I'm not sure what exactly is your problem. This issue is about the message you find in new (relative new, because it was already there on Debian 12, which is a slow release distro) distros. The message warns about using pip for a system that has its own package manager. This is actually true for all Linuxes and also macOS, so this message will pop-up on most systems, just not on Windows, where pip is king because this is the "kingdom of chaos".

The message is part of a PEP recommendation from Python, not an idea from Linux distros.

What the message says is that installing something with pip on a system with its own package manager could lead to undesirable problems. So the solution is to avoid pip for systems with a package manager. This is something already known, and this is the reason behind the Debian packages I maintain.

IMHO Python developer are wrong, the problem is that they like the Windows chaos and solve things in the "Windows way". They should change their mind and cooperate with the system packages. The problem is the complexity, but their solution isn't acceptable.

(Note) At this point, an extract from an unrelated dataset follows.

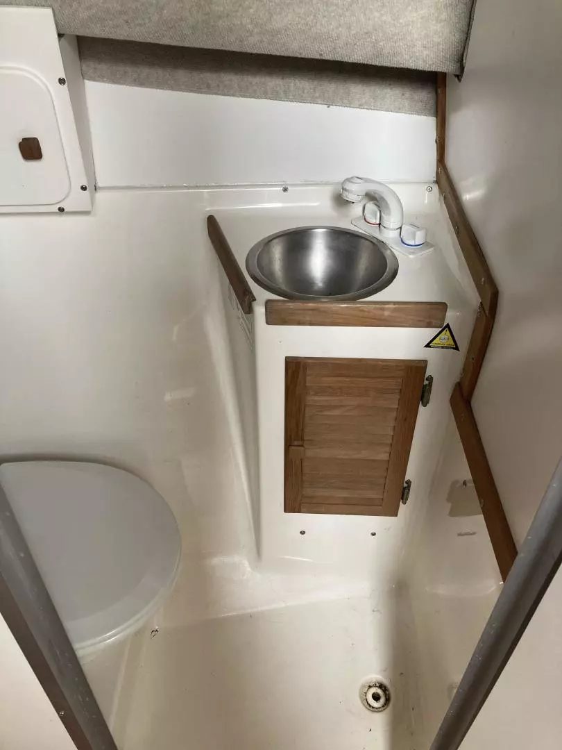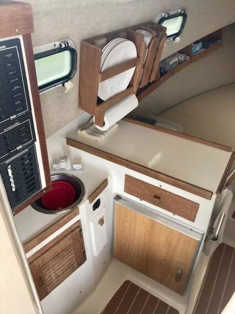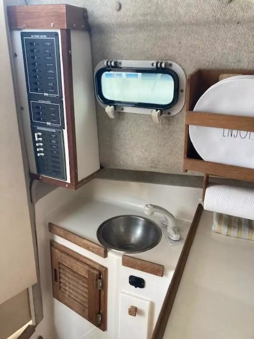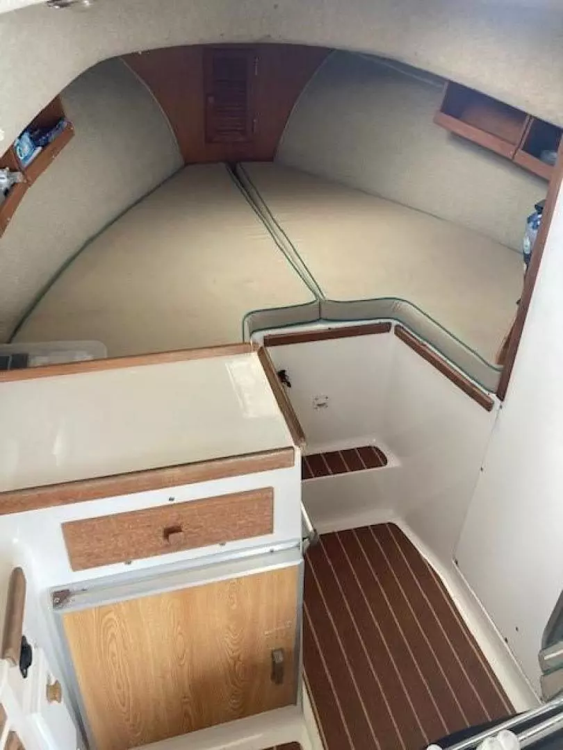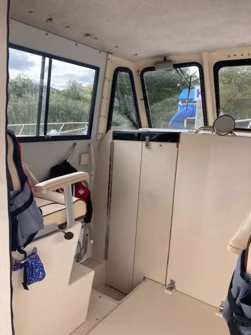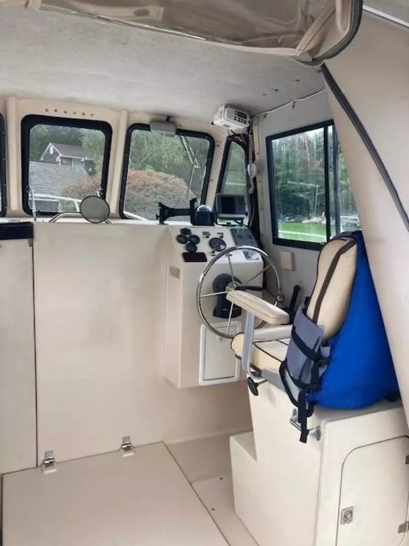 The Atlas Acadia 25 is perfect for boaters desiring a classic, Downeast style boat in a compact, trailerable size. Holiday is a pilothouse style boat with a pretty dark green, solid fiberglass hull with full keel and a skeg to protect the propeller. Anchor windlass, GPS, depthfinder, VHF radio, roomy cockpit and a full-size swim platform. Inside, the cozy cabin can sleep two with standing headroom, pressure hot & cold water, a compact galley and an enclosed stand-up head compartment with sink, marine toilet and shower, 110V dockside power with battery charger. Powered by a 170hp Yanmar 4LHDTE diesel engine with 860 hours. NO TRAILER.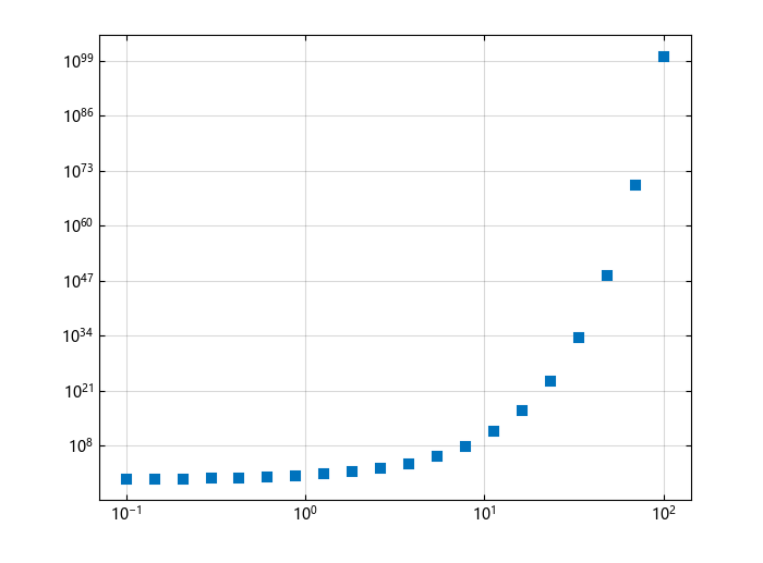 loglog(x, y, "s"; markerfacecolor=[0, 0.447, 0.741])

While playing with AI inference I saw how bad pip can behave. When packages can weight GBs it becomes impossible to do things in the way pip was designed. And the mechanism used to declare dependencies in Python is obsolete, it doesn't work. Package systems like the one used by Debian solved these problems years ago.

In the case of KiKit on Linux: if your system is based on Debian, just use the packages I provide, this solves all the dependency problems. In fact I hack some stuff to avoid ridiculous dependencies. On other Linux systems: use Python virtual environments, they are a waste of resources, but more efficient than docker images.